Manifest (which is deprecated), TypeTag and ClassTag are a mechanism that tells the compiler to create an object that provides type information for those after compilation but you have to "save" that information.
To be able to know what A you typed your RetrieveEntitiesService with you would need to take an implicit ClassTag to the constructor to base any logic on it (since when calling the constructor is the time that you know what A is):
import scala.reflect.ClassTag
case class RetrieveEntities[A](func:(Vector[A]) => Vector[A])(implicit val tag: ClassTag[A])
You could then call runtimeClass on the tag to get the type of A:
scala> val retrieve = RetrieveEntities[String](identity)

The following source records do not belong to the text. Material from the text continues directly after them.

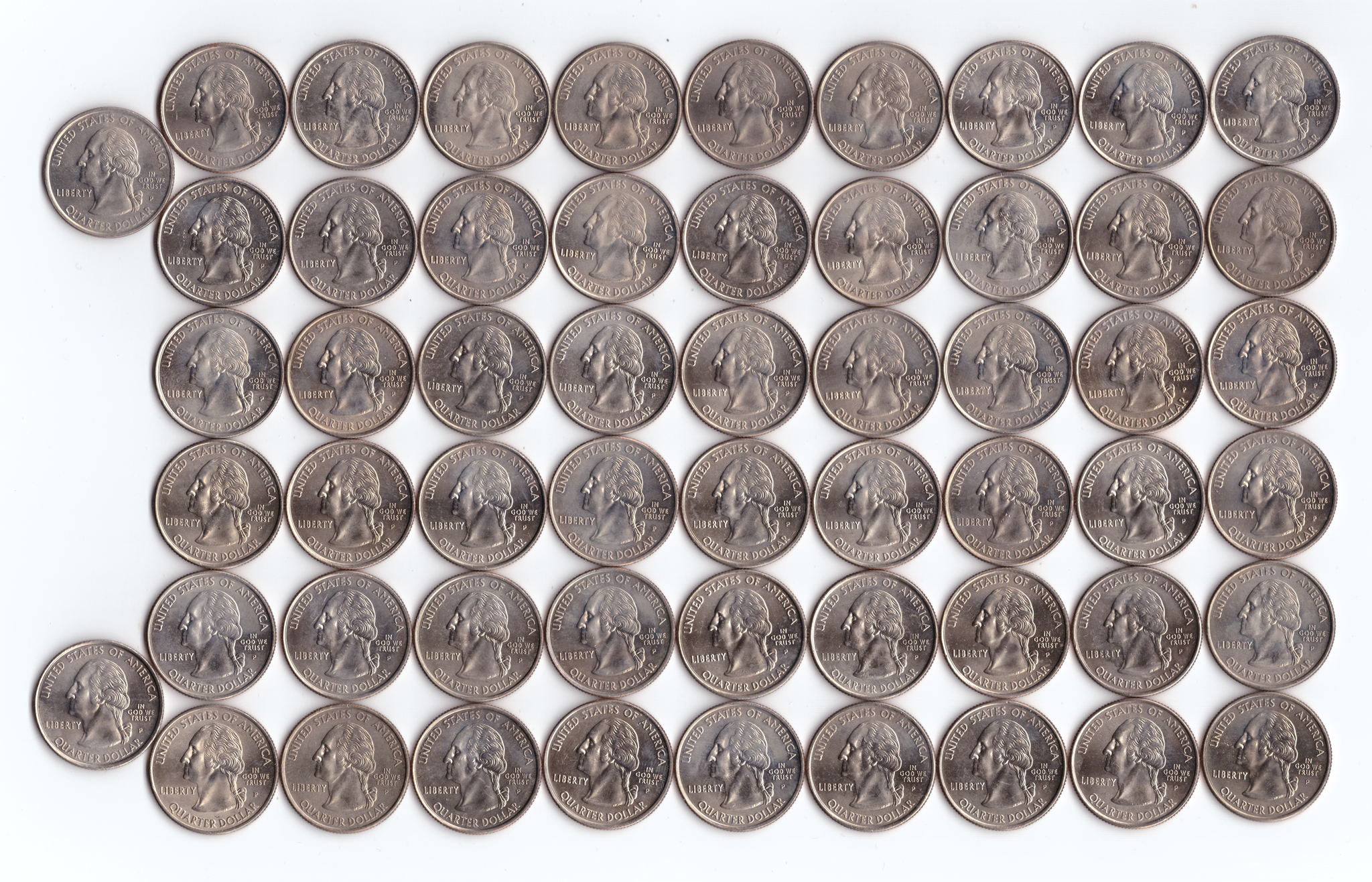 Набор Штаты и Территории квотеры 25 центов 56 штук 1999-2009 гг. Двор P цветная эмаль
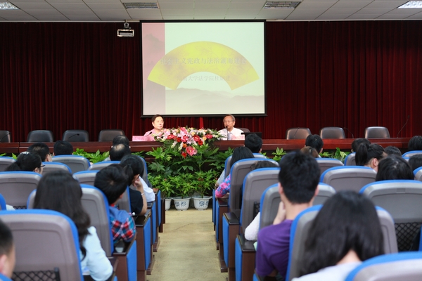 6月5日下午,湖南大学法学院院长杜钢建教授应邀来到我校,作了题为&“社会主义宪政与法治湖南建设&”的讲座。讲座由副校长王明高主持,法学院、科研处负责人及部分法学院师生聆听了讲座。
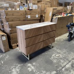 ⭐️Brand New Roomfitters Faux Marble Top Dresser for Bedroom with 6 Drawers, Mid Century Chest of Drawers, Modern Bedroom Dresser (Oak Wood)$300Brea, CA
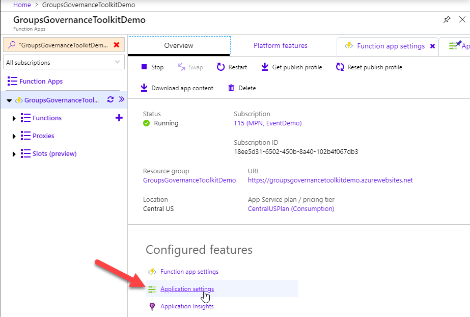 Note: In real world scenarios, it is recommended to use Azure Key Vault to store secrets. For our demo and for other samples, the Application Settings are good enough.
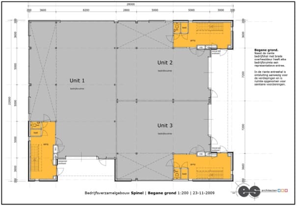 - Overheaddeuren, krachtstroom, betonvloer, heater, toilet, pantry, airconditioning, inbouwarmaturen en te openen ramen
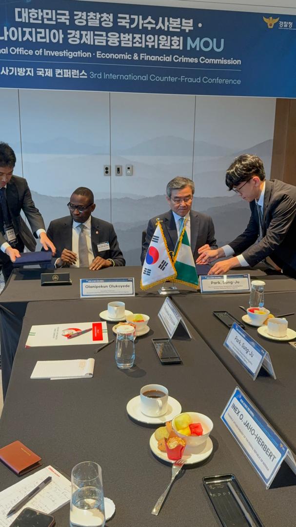 ABUJA, Nigeria – The Economic and Financial Crimes Commission, EFCC and the National Office of Investigation, Korean National Police Agency, KNPA, have signed a Memorandum of Understanding, MoU, on tackling economic and financial crimes and strengthening institutional capacities.
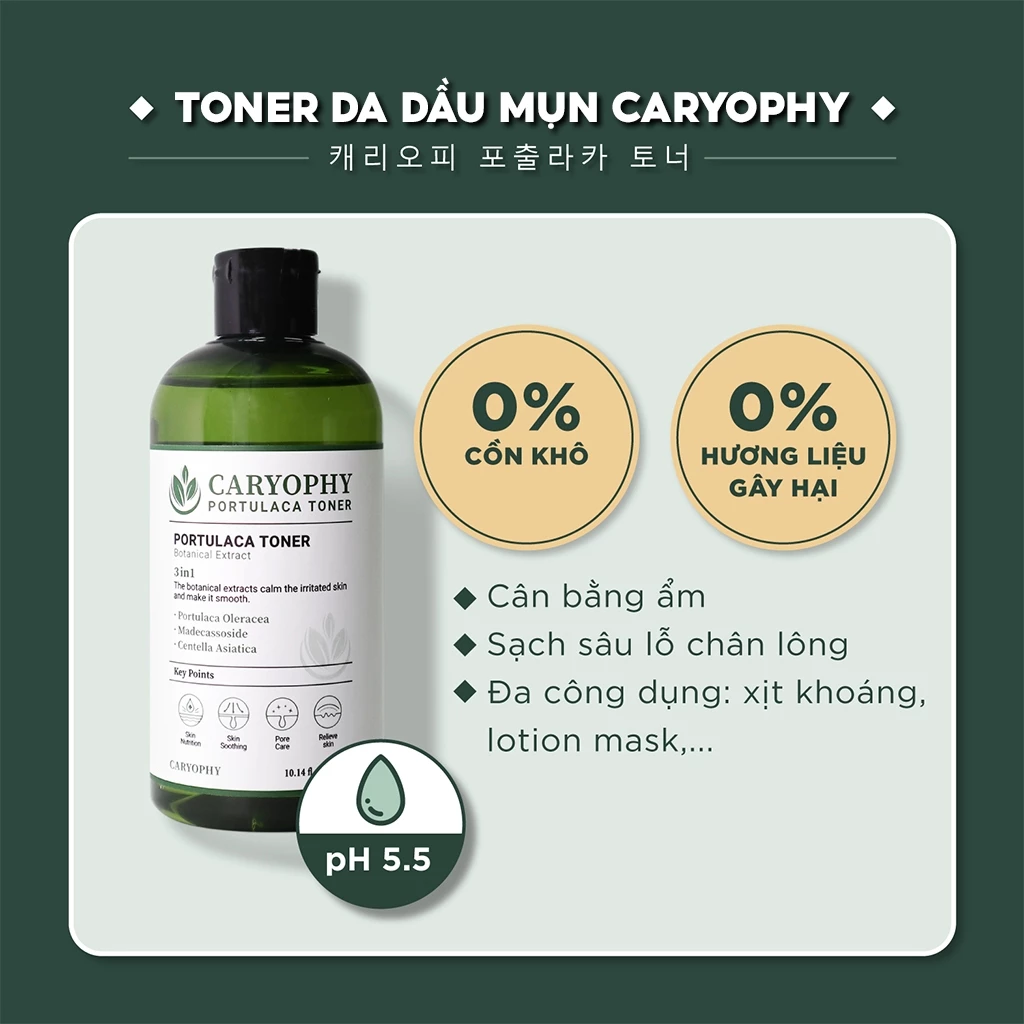Nước cân bằng Caryophy Portulaca Toner 300ml là nước hoa hồng Toner không cồn dành cho da dầu mụn đến từ Hàn Quốc, với các thành phần vô cùng lành tính, 100% từ thiên nhiên nên Toner Caryophy dùng được cho mọi loại da như da dầu, da mụn, da nhạy cảm, da hỗn hợp, da khô…
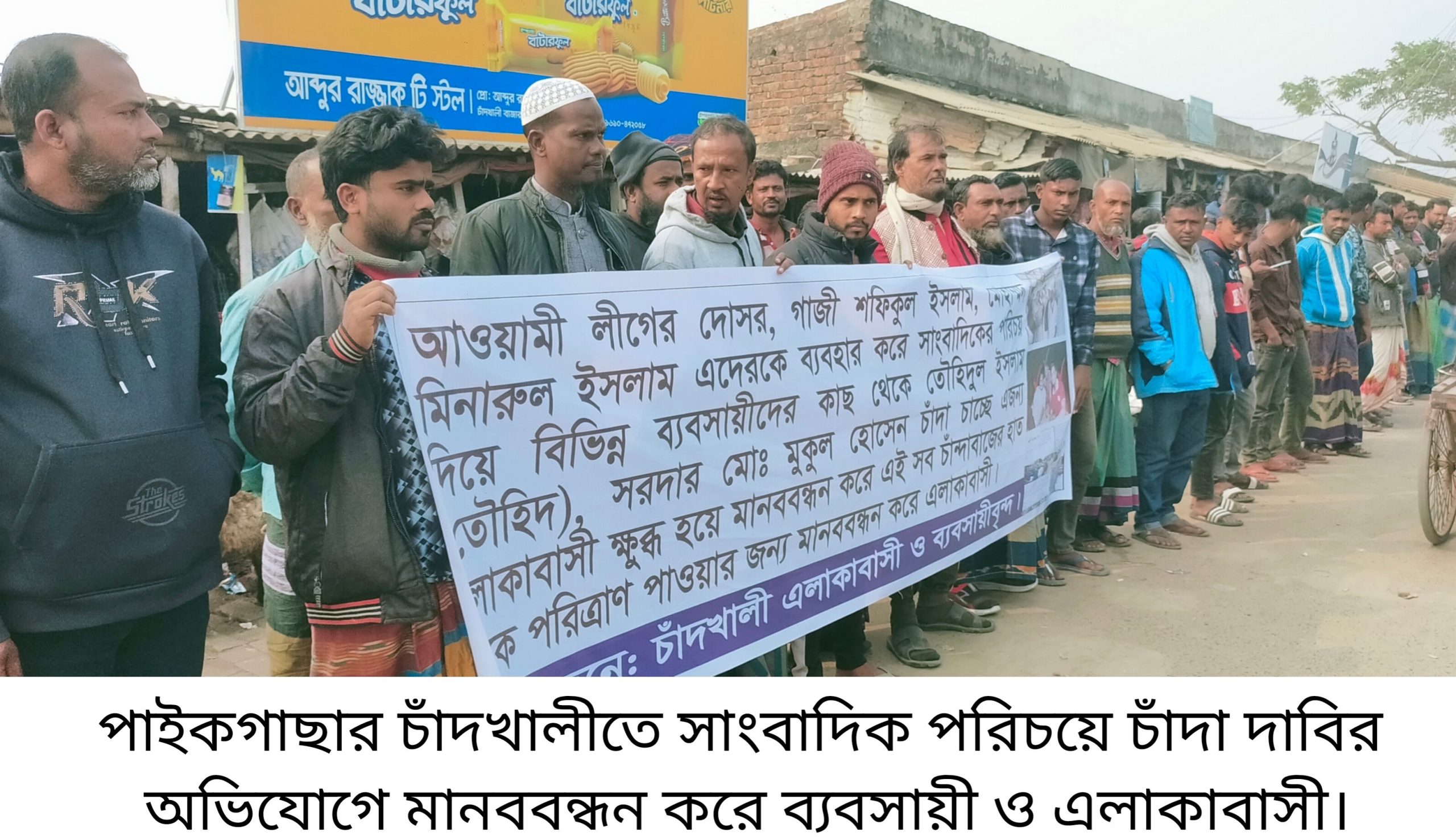 খুলনা পাইকগাছায় সাংবাদিক পরিচয়ে চাঁদা দাবির অভিযোগে মানববন্ধন করেছে ব্যবসায়ী সহ সাধারণ মানুষ। ৪ জানুয়ারি রোববার দুপুরে উপজেলার চাঁদখালী বাজারের প্রধান সড়কে মানববন্ধন কর্মসূচির আয়োজন করে ব্যবসায়ী ও এলাকাবাসী। মানববন্ধন কর্মসূচিতে ব্যবসায়ীরা অভিযোগ করেন স্থানীয় আওয়ামী দোসর গাজী শফিকুল ইসলাম ও মিনারুল ইসলাম কে ব্যবহার করে তৌহিদুল ইসলাম ও মুকুল হোসেন সহ কতিপয় ব্যক্তি এলাকার বিভিন্ন ব্যবসায়ীদের কাছে চাঁদা দাবি করছে। তাদের এ ধরনের কর্মকাণ্ডে অতিষ্ঠ হয়ে উঠেছেন এবং এব্যাপারে প্রয়োজনীয় ব্যবস্থা গ্রহণে প্রশাসন সহ সংশ্লিষ্ট কতৃপক্ষের আশু হস্তক্ষেপ কামনা করেন ব্যবসায়ী সহ সাধারণ মানুষ। ইটভাটা ব্যবসায়ী খলিলুর রহমান গাজীর সভাপতিত্বে মানববন্ধনে বক্তব্য রাখেন মনিরুল ইসলাম, আবু সুফিয়ান টিক্কা, পরিতোষ কুমার, আবেদা খাতুন, ইউনুস আলী সরদার, বজলুর রহমান, বাদশা গাজী, নজরুল গাজী, লুৎফর রহমান, জলিল সরদার, আকবর সরদার, জুয়েল গাজী, রিপন মোল্লা, চয়ন সরদার, সোহেল গাজী, তালেব মোল্লা, নাজমুল হোসেন, মনিরুল গাজী, মুন্না, রসুল সরদার, জয়নাল সরদার, ফরিদ হোসেন ও বেলাল হোসেন। মানববন্ধনে এলাকার শতশত নারী পুরুষ ও ব্যবসায়ীরা অংশগ্রহণ করেন।

scala> retrieve.tag.runtimeClass
res2: Class[_] = class java.lang.String
Note that this still would not let you type a method call with since we are now in runtime, but it would let you use that instance of Class to compare with the runtimeClass of E of the actor and then do a safe cast to RetrieveEntities[E] if you like. (and also regular runtime conditional flows, reflection etc.).
Two important notes before you start doing that
I would not advice you to go down that path until you are more confident with the type system and really really know that there is no other reasonable design that solves your problem. Again I can not help you towards such a solution with the sparse example code given. (Maybe your actor does not really need to know about the type of A for example, or there is a limited set of E:s that you might match on with concrete types)
As an additional warning, type and class tags are not thread safe in Scala 2.10, and might not be safe in 2.11 either, so mixing them with actors might be a bad idea. (http://docs.scala-lang.org/overviews/reflection/thread-safety.html)
johanandren's answer was certainly helpful, but at the end I found a way that it could compile and it is working for now.
I needed to give the compiler a more precise type annotation to make it work:
case RetrieveEntities(parameters, func:(Vector[T]) => Vector[T])
I still will continue to use Manifest instead of the new Reflection API (TypeTag and ClassTag) mainly because the library I am using (json4s) uses internally also the Manifest implementation, and I assume it will lead to less problems this way.